On the back of the photo he had written, “To my brother, whom I will miss as long as we are apart.” I missed him, too — daily, badly.
I still do. But it struck me back then, looking at that photo and thinking about how brothers commonly treat each other as they grow up, that I had been particularly lucky that in the time after our parents split up, Allen, at 13, an age at which most older siblings shoo away their younger ones, had let his 10-year-old brother not just tag along but remain part of his life and circle, even though he spent his time (and thus did I) among kids his age and older. He had every excuse and rationale for leaving me behind to pursue unencumbered a bigger world of opportunity. No one would have questioned his decision. You couldn’t go through life pulling along those who by rights or bad luck or plain chance would trail you; in fact, to push ahead, even if it might leave others behind, was the way of things. It was what most people did.

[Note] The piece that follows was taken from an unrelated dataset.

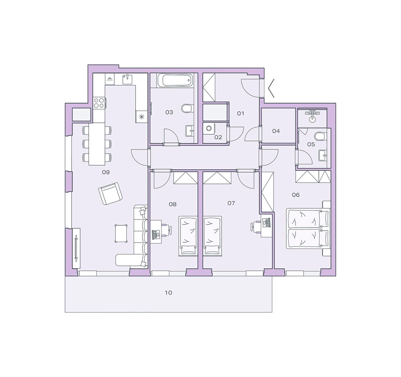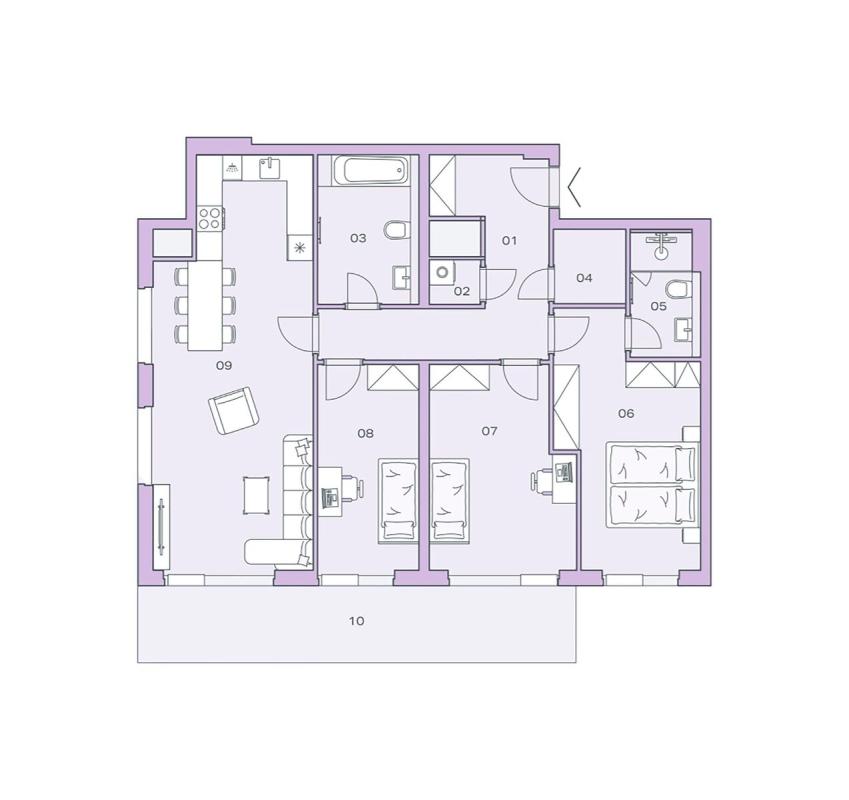 Byt o dispozici 4+kk a podlahové ploše 116,3 m² je součástí projektu Ahoj, Vanguard – místa, kde se technologie a komfort setkávají s jedinečnou atmosférou Modřan. Nachází se v 8. podlaží s jihozápadní orientací, která zajišťuje dostatek světla po celý den. Dispozice zahrnuje prostorný obývací pokoj s přípravou na kuchyňský kout, tři samostatné ložnice a praktickou komoru, která poskytuje dostatek úložného prostoru. Nechybí koupelna, samostatné WC a vstupní chodba. Součástí bytu je také prostorný balkon o ploše 19,5 m², ideální pro odpočinek a relaxaci. Byt je dokončen ve stavu fit out – s hotovými podlahami, sanitou a přípravou pro kuchyň, takže si interiér můžete doladit přesně podle svého stylu. Projekt Ahoj, Vanguard přináší moderní prvky, které posouvají bydlení na vyšší úroveň: posuvná velkoformátová okna, podlahové vytápění, rekuperaci, chlazení, a úsporné technologie v podobě tepelných čerpadel a fotovoltaiky. Pro relaxaci je k dispozici střešní terasa s panoramatickými výhledy na město – ideální místo pro odpočinek i inspiraci. Modřany patří k nejatraktivnějším pražským čtvrtím, kde se setkává energie města s klidem přírody. Přímo za domem začíná lesní čtvrť Belárie, nedaleko se nachází Arcibiskupská vinice, rozlehlý lesopark Hodkovičky a cyklostezka podél Vltavy. Do centra Prahy se dostanete za pár minut, takže Modřany nabízejí pohodlné, aktivní a vyvážené bydlení.

Likewise, later, Allen could just as well have taken a different path through medicine. He had every excuse and rationale for shunning the public medical system to pursue unencumbered a bigger world of opportunity. No one would have questioned his decision. You couldn’t go through life pulling along those who by rights or bad luck or plain chance would trail you; in fact to push ahead, even if it might leave others behind, was the way of things. It was what most people did; it was what most doctors do.
But he did otherwise.
Allen’s been nominated for a so-called “Sammie,” or Service to America award, a sort of Emmy for public-service performance. I hope he gets it.